We are driving through the New Zealand landscape in the slanting
late afternoon sunlight. The dads—my father and Michael are in the front seat;
the kids—Aidan and I are in the back. This was a spur of the moment weekend
trip to see Rob and Dani on the other side of the country. We have been meaning
to get there forever and had hoped to go next week but the schedule got messed
up and suddenly this weekend was the only chance to go. The next round of chemo is looming (one week
from tomorrow) and I know that my windows open and close here.
But traveling—even a road trip—during chemo is somewhat
daunting. I woke up Saturday morning to a sore throat and stuffy nose, the sort
of cold that is a common visitor in the winter. But during chemo, a cold is
frightening because I have no immune system, and a cold can turn into a threatening
illness without notice. The doctors and nurses in the chemo clinic always ask
what the dangerous temperature is: 38 Celsius. Hit 38 and it’s time to go to
the hospital instantly. So into the car bag went the vitamins for the day, the
new shawl from Sue that I don’t let out of my sight, water to keep me ultra
hydrated, a choice of head coverings (from warm beanies to soft scarves to a
wig) and the thermometer to take my temperature frequently to be sure the cold
didn’t turn dangerous.
At home I have been amazed at how regular I feel, how
healthy and strong. I walk in the hills with Melissa each day. I cook dinner
(and inedible sugar and flour free desserts) at night. I edit my book and talk
to clients and meet with my partners. I feel like my old self. Setting off into
the wilds of New Zealand, I suddenly felt fragile and exhausted—and sick. I
needed to guard myself from the sun, from the wind, from the cold. I needed to
decide what head covering to wear in the car, through the towns, when we got
out for breakfast. I noticed more strongly than usual how the taste of food
seems to come to me from a long distance, as though I ate it with a paper
wrapping on it muting its flavours. I was more struck by the ways I ached, how
tired I get in the middle of the day, how bloodshot and dry my eyes are right
now. I was surprised at how different I showed up to myself once we were away
from home.
And at the same time, we had the sort of magical time I would
expect with my dad and my family visiting our oldest friend in the house he
loves so much. We went to the restaurant at the Craggy Range winery for a
magnificent lunch in the sparkling sun and admired the grapevines turning red
for autumn. We ate beautiful food at Rob and Dani’s house (ah the baba ganoush)
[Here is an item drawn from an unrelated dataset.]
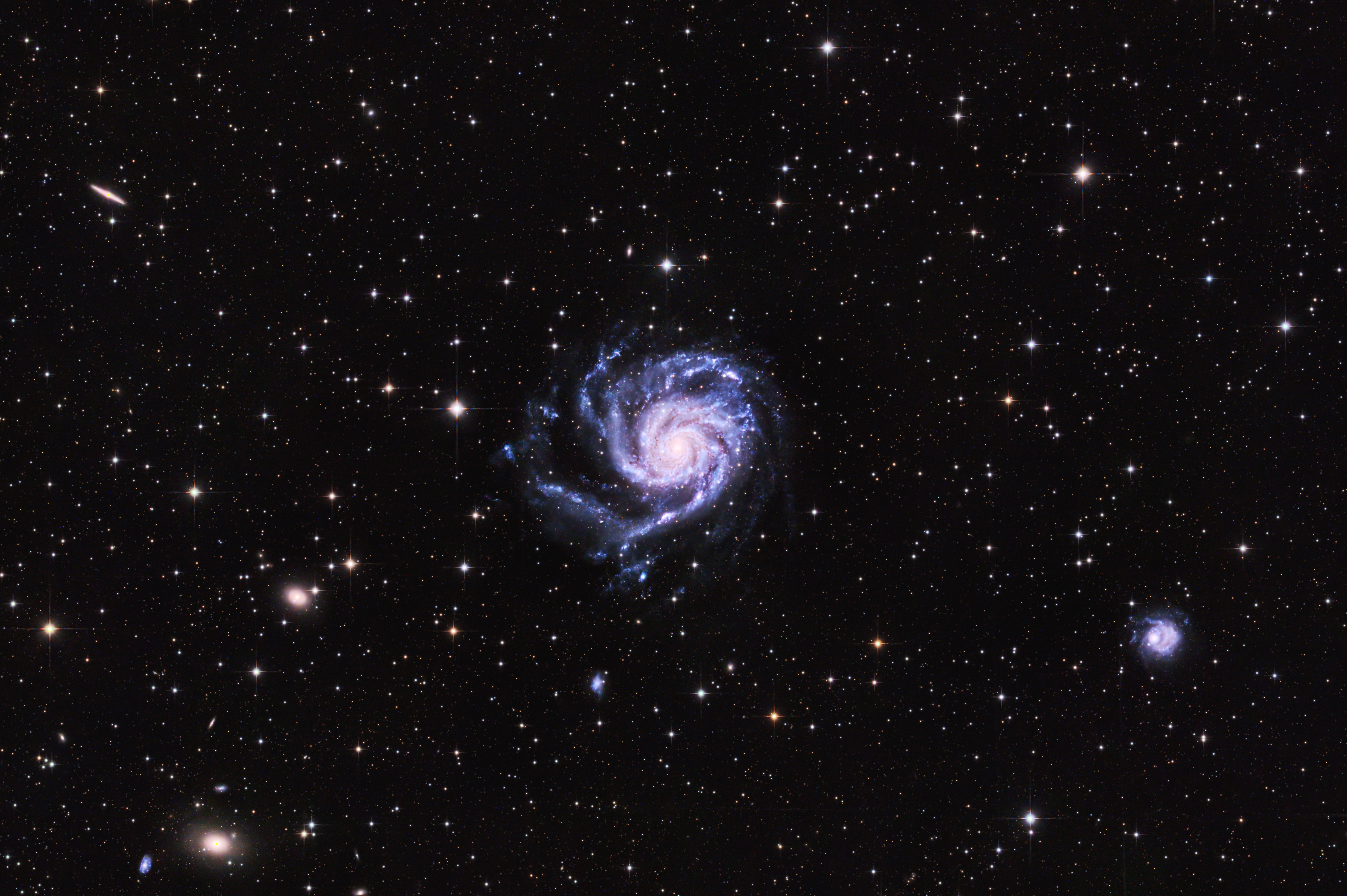 A galaxis szezon egyik kiemelt célpontja a Szélkerék galaxis. A felvétel az OAG tesztelése és beállítása közben készült. Három éjszakát tudtam az objektumra szánni. A kezdeti nehézségek leküzdése után minden gond nélkül működött a rendszer. Csak az átvonuló felhőzet zavart be néha. A feldolgozást a szokásos módon Sirilben és PS-ben végeztem.

and wandered across the farm they live on, chattering with the . This morning
we walked through a farmers market teeming with colour and sound and flavor,
around art deco Napier, and along beaches with rolling waves. Dad and I joked
about how absurd it is to try and take pictures from a moving car, but how
impossible to stop the car at every beautiful spot. We laughed and talked and
walked and ate like old days.
This is the way life looks from here I guess. I am sick. I
am fragile. You’re fragile too—we all are really. Being a human is a delicate
business. And I am strong. I am resilient. You are too—it’s amazing to get up
each day and get through all that needs to get done. I didn’t used to carry
those two threads so consistently and simultaneously with me. I used to
sometimes feel well and sometimes feel sick. And now I am more consistently
both, leaning harder towards sick in the first week of chemo and leaning harder
towards well in the later ones. But my shiny bald head is a constant reminder
that I am not well, even in my healthiest days. And the chemo that makes me
sick is supposed to be dealing with the cancer that would make me sicker. It’s
all a tangle. I wonder if this tangled awareness is what Jonathan talked about
as “healing.” Healing, he told me, is not a physical outcome; healing is
emotional. And I wonder if for me healing is this constant understanding that
life is neither about being sick nor well, strong nor fragile, but a tilting
shifting slippery balance of each, using the braid of the two ideas to make me
more full, more human somehow.
1 comment:
Your comments remind me that life is not contained in tomorrow, nor in yesterday, but in this here and now precious moment. I'm glad you have so many wonderful people supporting you in these precious moments.